— What the exercise asks —
Your task is to retype, word for word, the lines from the start of the data through the line holding "20 dinár 1882". Do not include the pictures.

:: Exercise data

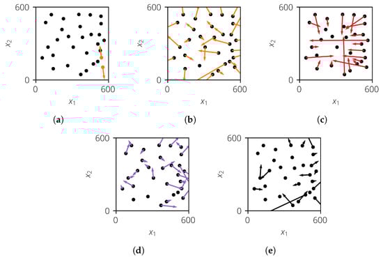Calculation of forces for one iteration step. (a) The inner force (orange) between two realizations; (b) the resulting inner force (orange) of all realizations; (c) the resulting outer force (red) of all realizations; (d) the resulting frictional force (violet) of all realizations; and (e) the resulting total force (black) of all realizations.
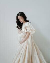 A romantic gown with soft sleeves and gentle gathers at the waist, creating a feminine and graceful silhouette. Its flowing skirt brings ease and softness to portraits, especially in movement.
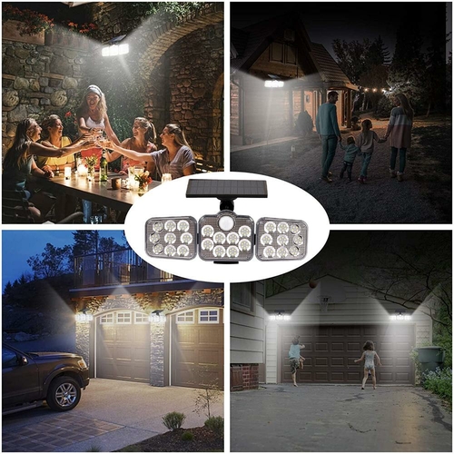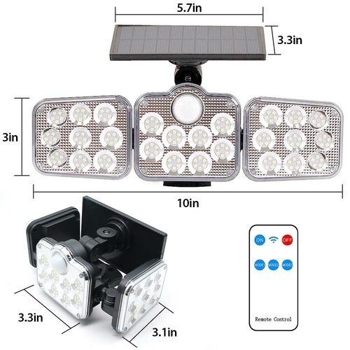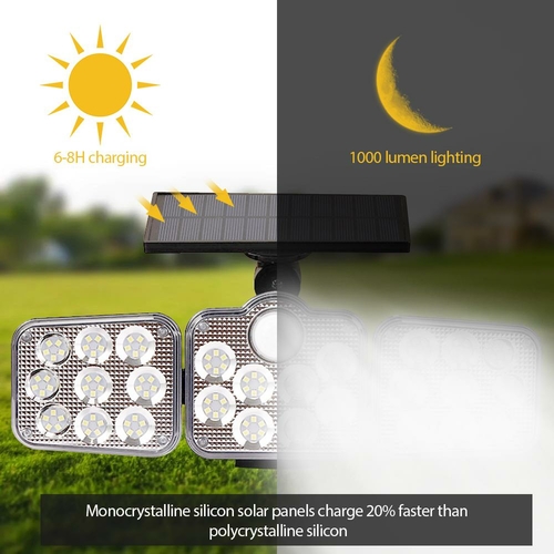 【138 LEDs and 270º lighting】 The solar outdoor lights is built in with 138 bright LEDs and has 3 adjustable heads ensuring that it can deliver ultra-high brightness illumination for wide area. The 270ºrotatable angle makes it very flexible to adjust the angle and get the solar panel much sunlight power at a maximum degree.
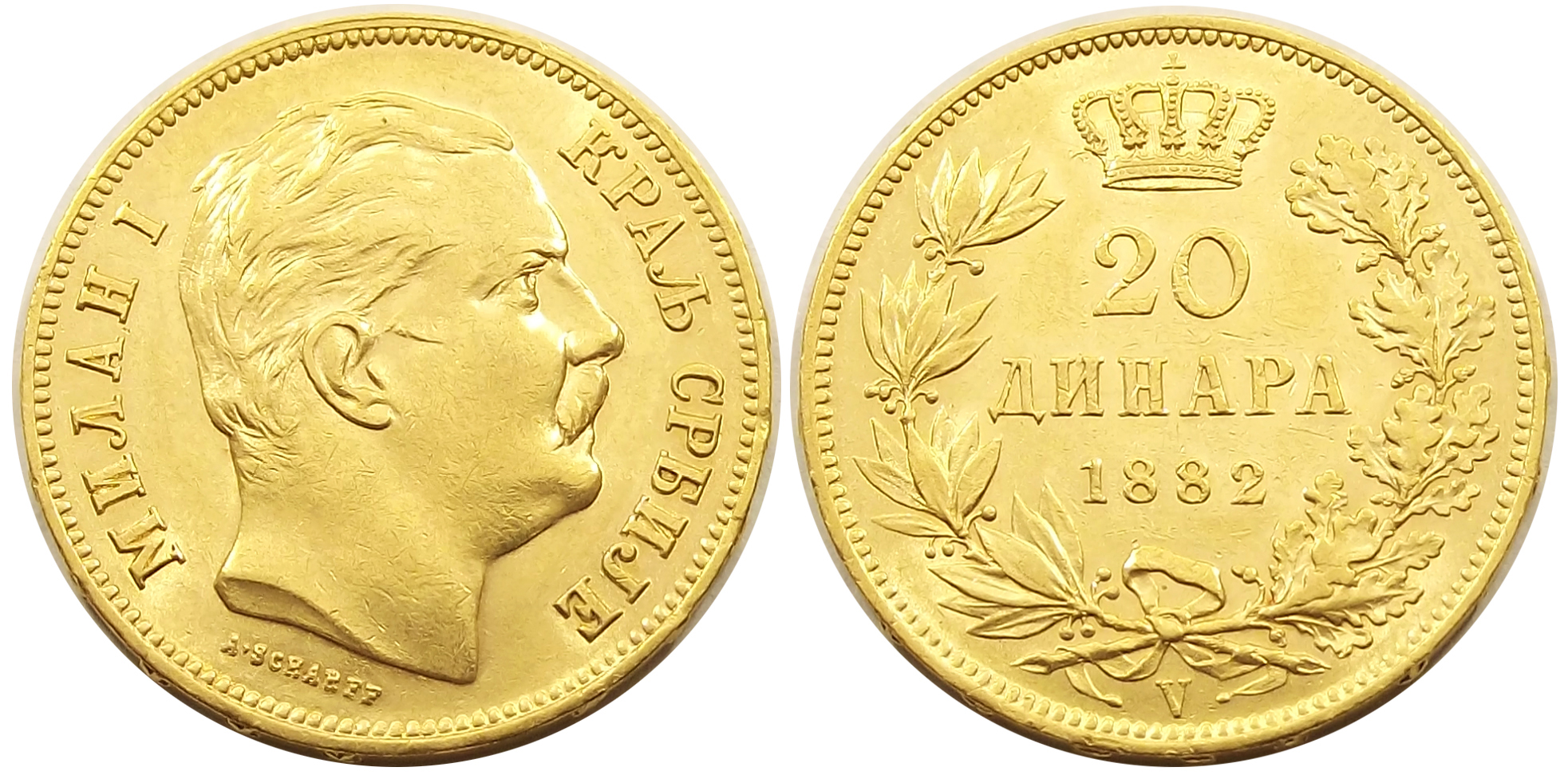 20 dinár 1882 I. Milán Szerbia kiváló állapotban, szép eredeti fénnyel (ec
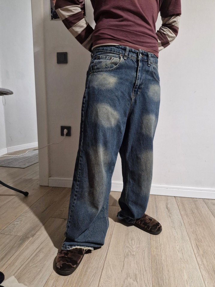 Desen içermeyen yıkama detaylı denim jean. Günlük kullanım için rahat ve şık bir sokak stili sunar. Modelinde cepler ve paçalarda hafif yırtık efekti vardır. M beden
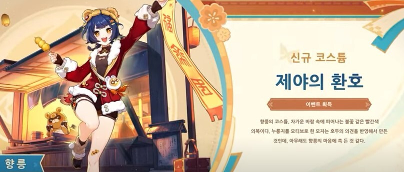 🔍원신(홈페이지) 초창기 시절 탈4성급으로 인기가 많았던 향릉의 신규 코스튬 '제야의 환호'가 출시되었습니다. 다행히 현질하지 않으셔도 메인 이벤트 1,500포인트만 달성하시면 무료로 획득 할 수 있습니다.
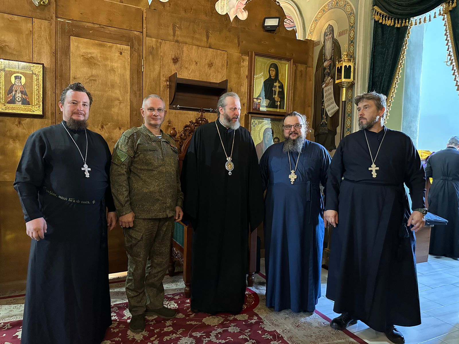 После архиерейской службы владыка Ефимий пригласил начальника конвоя в алтарную часть храма и выразил глубокую признательность Председателю ИППО Сергею Степашину и действительным членам ИППО - Владимиру Бергу и военному священнику иерею Дионисию (Долганову), сопровождавших Святую икону под руководством главного военного священника СВО протоиерея Петра (Гриценко). Он лично доставлял её и служил с ней в военных подразделениях, находящихся на линии соприкосновения с противником, для окормления российского воинства Иерусалимской Святыней.
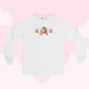Embrace the holiday spirit with this Candy Cane Lane Christmas long sleeve shirt, featuring Bumblebutt the bumblebee riding a candy cane in a festive Santa hat! 🎅 Surrounded by candy cane hearts, this kawaii Christmas shirt brings warmth and charm to your winter wardrobe. Made from 100% soft cotton, its pre-shrunk classic fit ensures comfort for seasonal gatherings, cosy days at home, or spreading festive cheer all winter long. ❄️❤️
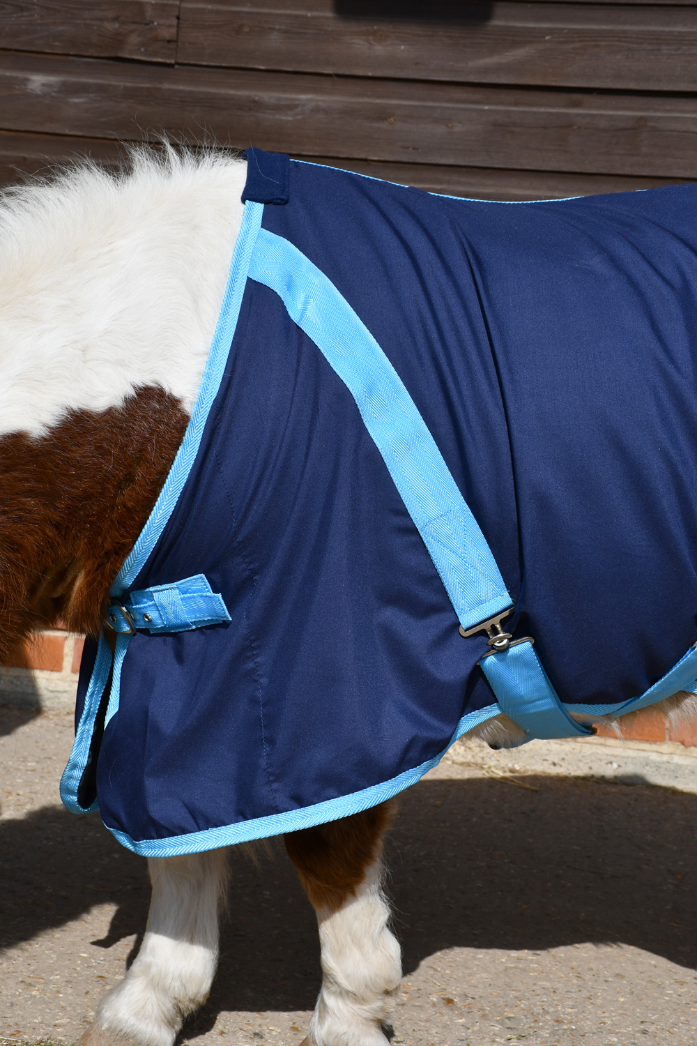 Extra deep cotton mix summer sheets for horses. Crossover surcingles, single chest strap, can be used as an under layer with winter rugs for hygiene and ease of washing. Also an ideal travel rug.

::::

— Result for this exercise —
Calculation of forces for one iteration step. (a) The inner force (orange) between two realizations; (b) the resulting inner force (orange) of all realizations; (c) the resulting outer force (red) of all realizations; (d) the resulting frictional force (violet) of all realizations; and (e) the resulting total force (black) of all realizations.
 A romantic gown with soft sleeves and gentle gathers at the waist, creating a feminine and graceful silhouette. Its flowing skirt brings ease and softness to portraits, especially in movement.
 【138 LEDs and 270º lighting】 The solar outdoor lights is built in with 138 bright LEDs and has 3 adjustable heads ensuring that it can deliver ultra-high brightness illumination for wide area. The 270ºrotatable angle makes it very flexible to adjust the angle and get the solar panel much sunlight power at a maximum degree.
 20 dinár 1882 I. Milán Szerbia kiváló állapotban, szép eredeti fénnyel (ec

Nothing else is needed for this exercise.